Across all three profiles, tight commercial lending standards have pushed buyers toward SBA 7(a) financing and seller financing. Sellers who are willing to carry a note for a portion of the purchase price tend to attract more qualified offers and faster closings.

Choosing a Broker

The first step is a legal check, not a preference: confirm that any broker you consider is registered with the Illinois Secretary of State – Securities Department under the Business Brokers Act of 1995. An unregistered broker cannot legally collect a commission in Illinois. This is not a technicality — it affects your contract's enforceability.

Match the broker to Aurora's deal environment. The dominant sectors here are manufacturing, healthcare, and food processing. A broker who has closed deals in industrial or food-service businesses — particularly those that supply or support Caterpillar-adjacent operations or the Rush Copley healthcare cluster — brings a buyer network and valuation framework that a generalist cannot replicate. Ask directly: how many manufacturing or healthcare transactions have you closed in the Fox Valley or I-88 corridor in the last three years?

Test their buyer network geography.
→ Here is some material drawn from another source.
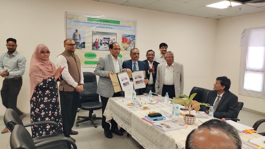Today, on 25.02.2025, at Kalyan Singh Super Specialty Cancer Institute, the 6th Institutional Ethics Committee (IRC) meeting was held. The MoU was signed & exchange between IEC & Kalyan Singh Super Specialty Cancer Institute, Lucknow. Director Prof. M. L. B. Bhatt welcome the all-committee members with gratitude & expressed his designed that the committee guide young researcher for application of ethical principal in biomedical health research and he also expressed his view that more interactive session and lectures to be conducted by the Institute on ethical principal for benefit of medical fidelity. Prof. Sabuhi Qureshi (Dean), Prof. Sharad Singh (Executive Registrar), Dr. Ayush Lohiya (Associate Professor) and other faculty members were present in the meeting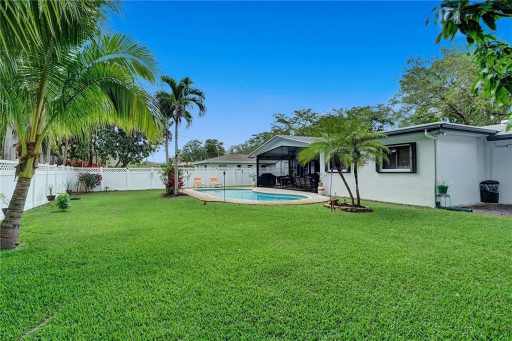 Wonderful 3 bedroom, 2 bath Pool Home with 2 car garage in East Plantation! This home is on a beautiful and large corner lot, on the gorgeous tree lined Petunia Drive. Enjoy the relaxing pool area and covered patio, along with a spacious backyard that has mango, avocado, lime, and coconut trees. HVAC is 4 years old, gas hot water heater (on demand) is less than 5 years old, and roof was replaced in 2019.

Aurora's most likely strategic buyers sit ten to thirty miles east, in Naperville, Lisle, and the broader Chicago metro. A broker whose active buyer list skews toward that corridor is worth more than one whose reach stops at Kane County lines.

Understand the deal-size fit. Main Street brokers typically handle transactions under $1 million; mid-market M&A advisors work deals from $1 million to $25 million and above. Their fee structures, marketing approaches, and buyer networks differ significantly. Make sure the broker's typical deal size matches your business.

Get independent input before you sign. SCORE Fox Valley offers free mentorship from experienced executives who can help you evaluate a broker's proposal with no financial stake in the outcome. The Illinois SBDC at Waubonsee Community College provides similar pre-engagement advisory services at no cost.

Fees & Engagement

Broker compensation in the Aurora and Fox Valley market generally follows one of two structures. Main Street deals — typically those under $1 million in transaction value — often carry a flat commission in the 10–12% range. Larger deals tend to use a modified Lehman formula, where the percentage steps down as deal value increases. Neither structure is capped by Illinois statute, but the IIBBA makes broker registration the gating condition on the legal right to collect any fee at all. An unregistered broker's commission claim is on shaky ground — another reason to verify registration upfront.

Mid-market engagements commonly include an upfront retainer. Ask whether that retainer is credited against the success fee at closing or treated as a separate expense. Get the answer in writing. Valuation reports — if provided as a standalone deliverable — typically run in the $1,500 to $5,000 range, though some brokers bundle them into the engagement. Confirm the arrangement before signing.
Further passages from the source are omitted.